L’esecutivo non ha valutato l’impatto mediatico del ritorno del redditometro, ma è la presa di coscienza che i conti pubblici, soprattutto per via del Superbonus, sono allo sfascio. Il sistema, pur non essendo il male assoluto, rischia di pescare a strascico senza incidere realmente sull’evasione. La sinistra che attacca il governo è incoerente. Colloquio con il direttore delle ricerche dell’Istituto Bruno Leoni, Carlo Stagnaro
Il viceministro dell’Economia, Maurizio Leo, parla di “atto dovuto”. Ma la ricomparsa del redditometro, per decreto (che porta la sua firma), ha scatenato inevitabilmente polemiche aspre con le altre forze della maggioranza. E anche, incredibilmente, dalle parti dell’opposizioni. Venerdì, comunque, è prevista una relazione sul “caso” in seno al Consiglio dei ministri. Atto, quest’ultimo, fortemente voluto dalla presidente del Consiglio, Giorgia Meloni. Al di là della “sottovalutazione dell’impatto mediatico che questa misura ha avuto” in realtà si tratta di “una presa di coscienza da parte del governo: ossia che i conti pubblici si trovano in una situazione piuttosto delicata”. Quella che il direttore delle ricerche dell’Istituto Bruno Leoni, Carlo Stagnaro, formula sulle nostre colonne è un’analisi a metà fra il tecnico e il politico.
Torna ad aggirarsi lo spettro del redditometro. Come va colto questo segnale?
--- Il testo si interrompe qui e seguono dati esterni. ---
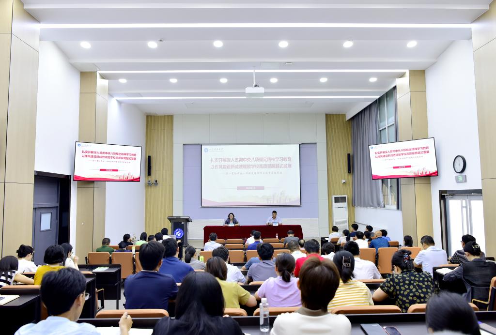 董海荣指出,加强作风建设是永葆党的先进性和纯洁性的强大武器,是筑牢党长期执政根基的关键举措,是实现党的中心任务的重要保证。要推进深入贯彻中央八项规定精神学习教育走深走实,以作风建设新成效赋能学校高质量跨越式发展,狠抓“本”与“形”的相互贯通,狠抓“大”与“小”的辩证统一,狠抓“上”与“下”的兼顾并举,狠抓“常”与“长”的协同联动。
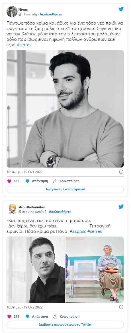 #serres ποσο κρίμα γι αυτό το παιδί.. κανονικά έπρεπε να τη βάλουν ολόκληρη τη σειρά στο κανάλι προς τιμήν του Πάνου. Ένας άνθρωπος που έχασε τη ζωή του κι αυτή ήταν η τελευταία του σειρά.
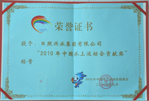 ·2010年9月,授予興業(yè)集團(tuán)“2010年中國(guó)水上運(yùn)動(dòng)會(huì)貢獻(xiàn)獎(jiǎng)”稱號(hào)
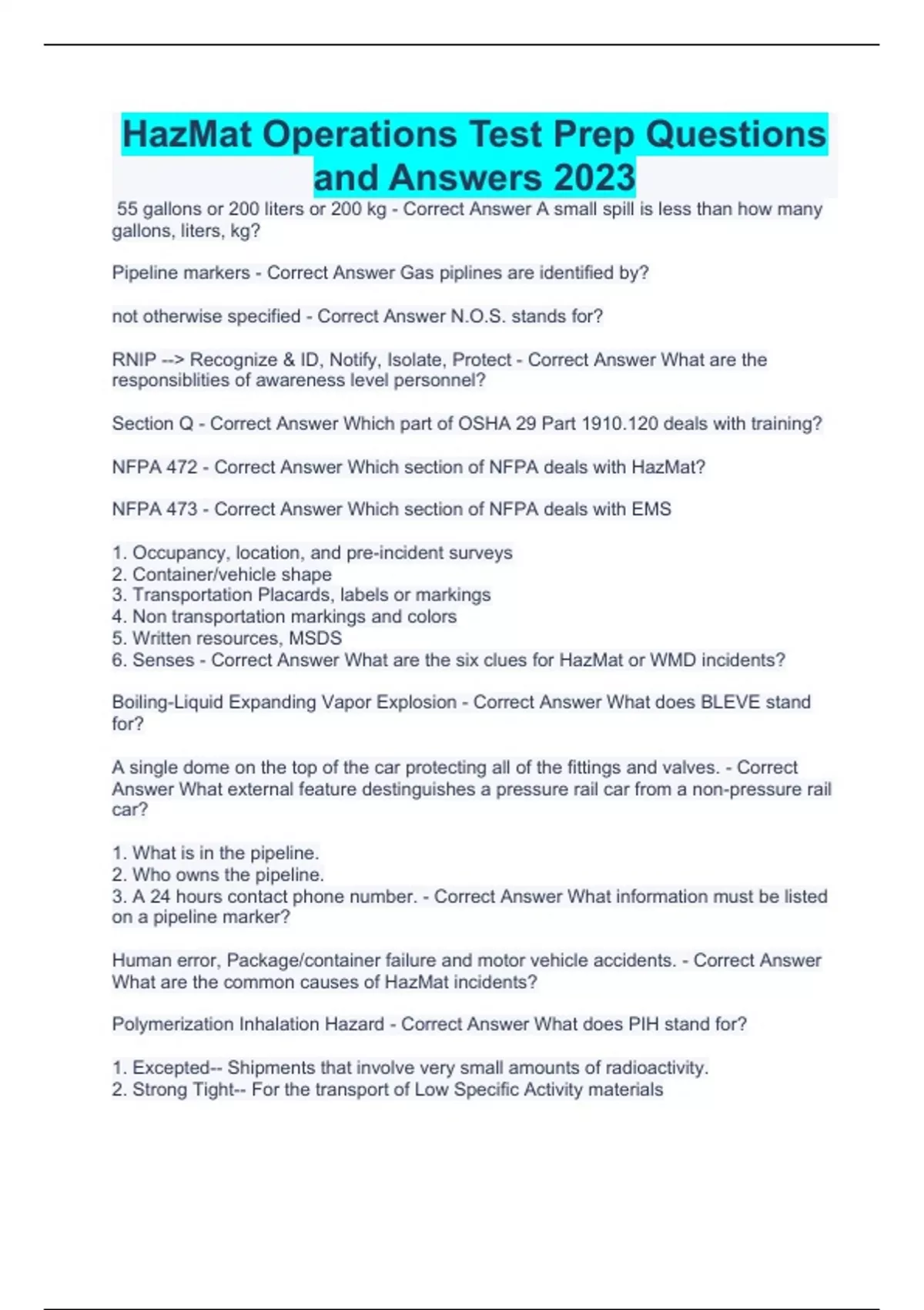 55 gallons or 200 liters or 200 kg - Correct Answer A small spill is less than how many gallons, liters, kg? Pipeline markers - Correct Answer Gas piplines are identified by? not otherwise specified - Correct Answer N.O.S. stands for? RNIP --> Recognize & ID, Notify, Isolate, Protect - Correct Answer What are the responsiblities of awareness level personnel? Section Q - Correct Answer Which part of OSHA 29 Part 1910.120 deals with training? NFPA 472 - Correct Answer Which section of NFPA deals with HazMat? NFPA 473 - Correct Answer Which section of NFPA deals with EMS 1. Occupancy, location, and pre-incident surveys 2. Container/vehicle shape 3. Transportation Placards, labels or markings 4. Non transportation markings and colors 5. Written resources, MSDS 6. Senses - Correct Answer What are the six clues for HazMat or WMD incidents? Boiling-Liquid Expanding Vapor Explosion - Correct Answer What does BLEVE stand for? A single dome on the top of the car protecting all of the fittings and valves. - Correct Answer What external feature destinguishes a pressure rail car from a non-pressure rail car? 1. What is in the pipeline. 2. Who owns the pipeline. 3. A 24 hours contact phone number. - Correct Answer What information must be listed on a pipeline marker? Human error, Package/container failure and motor vehicle accidents. - Correct Answer What are the common causes of HazMat incidents? Polymerization Inhalation Hazard - Correct Answer What does PIH stand for? 1. Excepted-- Shipments that involve very small amounts of radioactivity. 2. Strong Tight-- For the transport of Low Specific Activity materials
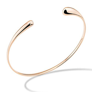 Bracelet manchette ouvert en argent sterling 925 ou or 18 carats Miabella en forme de larme pour femme, fin et réglable, fabriqué à la main en Italie (argent plaqué or rose, moyen (18,4 - 19,1 cm))
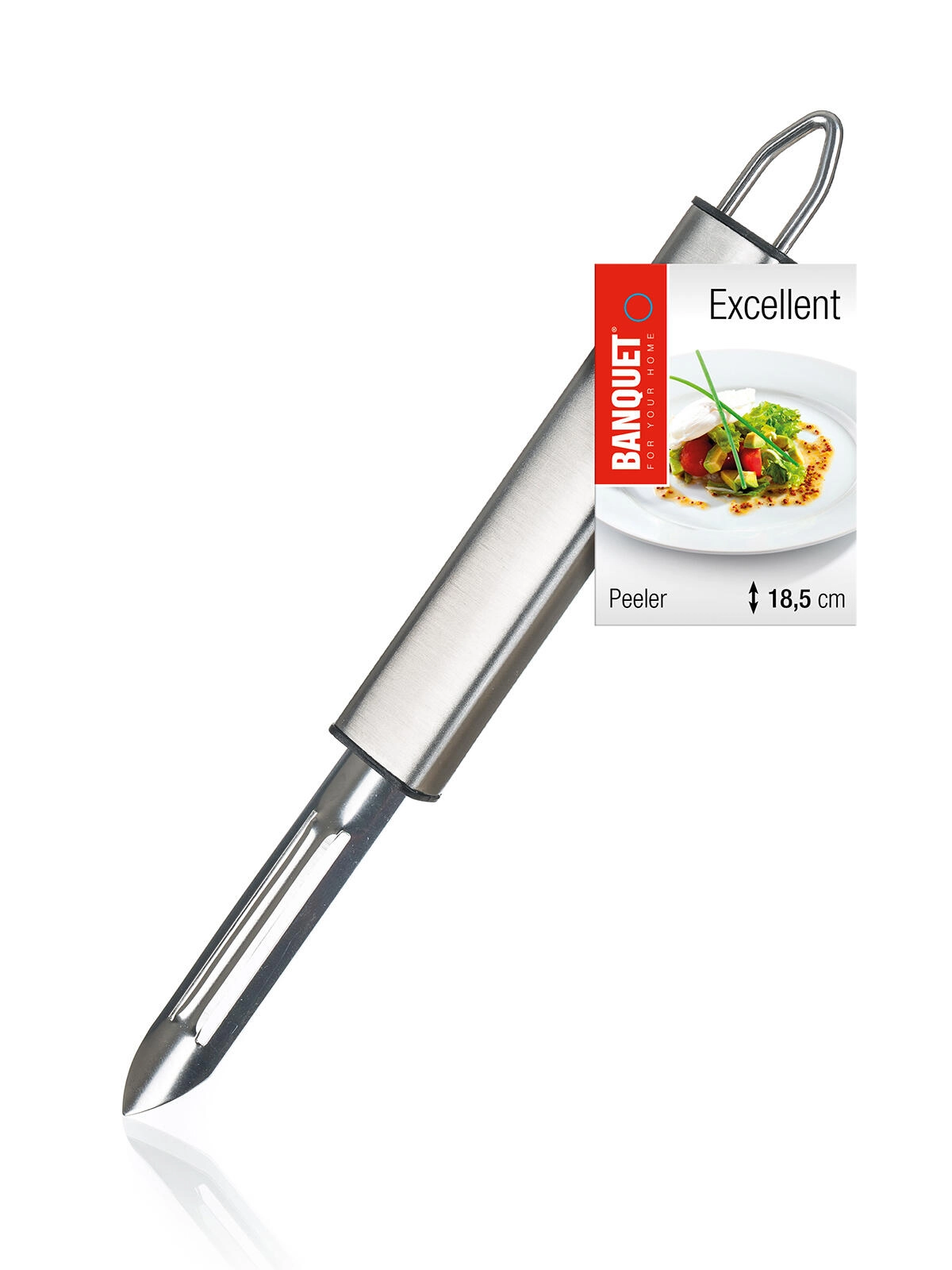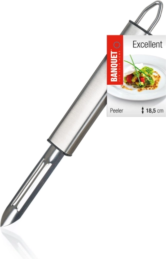 Olajšajte si pripravo jedi z lupilcem EXCELLENT iz nerjavečega jekla. Zahvaljujoč ostremu rezilu boste hitro in udobno olupili krompir, korenje, jabolka in drugo sadje ter zelenjavo. Trpežni materiali zagotavljajo dolgo življenjsko dobo in enostavno vzdrževanje.
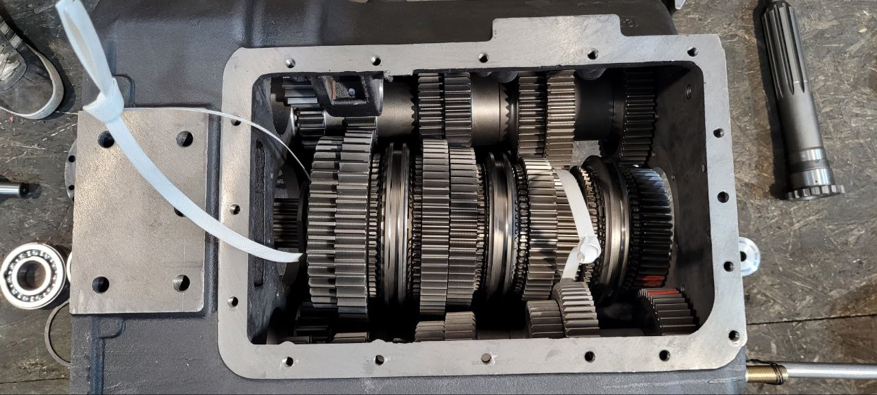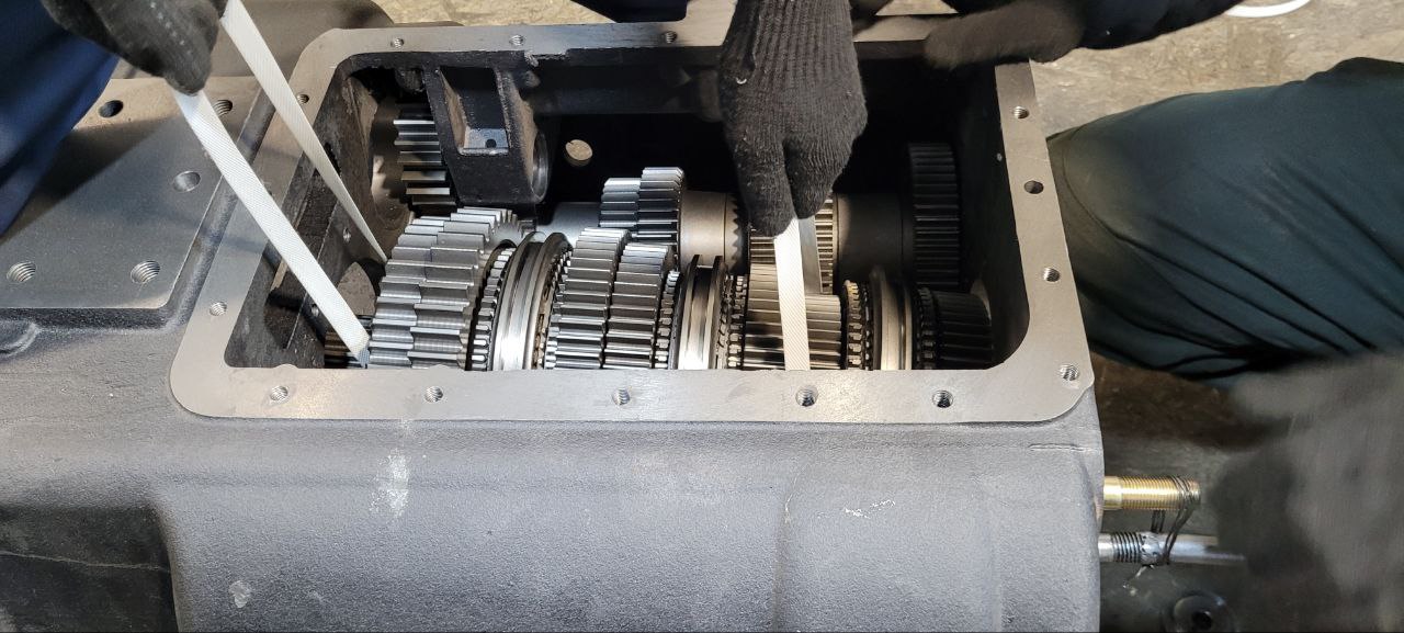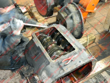 - Разбор основной коробки передач начинается со снятия шестерни ведущей демультипликатора и опоры подшипника. После отсоединяется стопорное кольцо, которое находится в шестерне заднего хода. Шестерня задней передачи по скользящей муфте снимается с зацепления со вспомогательных шестерней задней передачи. Съёмником отделяем подшипник промежуточного вала задней основной КПП и снимаем промежуточную шестерню задней передачи.

Ci sono due aspetti, uno più politico e l’altro più prettamente operativo che riguarda l’amministrazione tributaria e fiscale. Il redditometro, in astratto, non è un dramma. Ma politicamente il governo non ha tenuto in debita considerazione l’impatto che una misura di questo tipo, in un momento come questo, avrebbe potuto avere e in effetti ha avuto. In seconda istanza, va detto che in qualche modo è come se il governo abbia issato bandiera bianca.
Che cosa intende dire?
Rappresenta in qualche misura un passo verso il passato. È in un certo senso l’ammissione del fatto che lo Stato, con altri metodi, non è in grado di controllare l’amministrazione fiscale e di conseguenza di contrastare il fenomeno dell’evasione fiscale. Il redditometro è una pesca a strascico che, con indicatori sintetici, fa verifiche sparando nel mucchio.
E qual è il rischio?
Quello di coinvolgere persone che nulla hanno a che fare con l’evasione fiscale e che non hanno nulla “fuori posto” che, tuttavia, possono essere soggette a verifiche perché estratte a sorte da questo sistema. Non si combatte l’evasione con il redditometro: tant’è che non è mai stata intaccata nel profondo anche quando questo strumento era in vigore.
È il segnale di una certa forma di statalismo che anima una parte di Fratelli d’Italia?
Più che di statalismo si tratta secondo me più che altro di una venatura di giustizialismo in qualche modo: un po’ come, alla notizia dell’avviso di garanzia, si agita la forca. A mio giudizio, però, in questo caso si tratta di qualcosa che è sfuggito di mano. Non darei una connotazione troppo politica. Semmai è l’ulteriore presa di coscienza che i conti pubblici sono in condizioni precarie.
Se è vero che in maggioranza questa misura ha creato qualche comprensibile frizione, alcune prese di posizione della minoranza sono per lo meno singolari.
Le altre forze di centrodestra si possono smarcare da questo provvedimento, ma comunque fino a un certo punto. Anche perché dai conti pubblici dipendono anche molte delle promesse elettorali fatte da tutti. La minoranza invece ha assunto una postura del tutto incoerente. Tanto più che il redditometro è stata una delle eredità più pesanti e durature del centrosinistra. Smontata dal figlio ribelle: Matteo Renzi. Insomma, alcune posizioni sono davvero risibili.
Complessivamente, qual è la sua valutazione sull’impostazione economico-finanziaria data dall’esecutivo?
Facendo una valutazione di ampio respiro, mi pare che il governo abbia tenuto botta. Considerando che si è trovato in eredità, in particolare per colpa del Superbonus, i conti peggiori dal 1992. Al ministro Giorgetti va dato atto di aver alzato tutte le bandiere rosse che poteva su questo versante. Politicamente, la scelta interessante è che questo governo ha deciso di focalizzare la stragrande maggioranza delle esigue risorse che aveva a disposizione sulle categorie meno abbienti. E qui si concretizza un altro paradosso.
Ossia?
Mentre il centrosinistra, con il Superbonus, ha dato i soldi a chi già ne aveva – o per lo meno aveva la casa – il centrodestra ha stanziato risorse per le fasce più fragili della popolazione.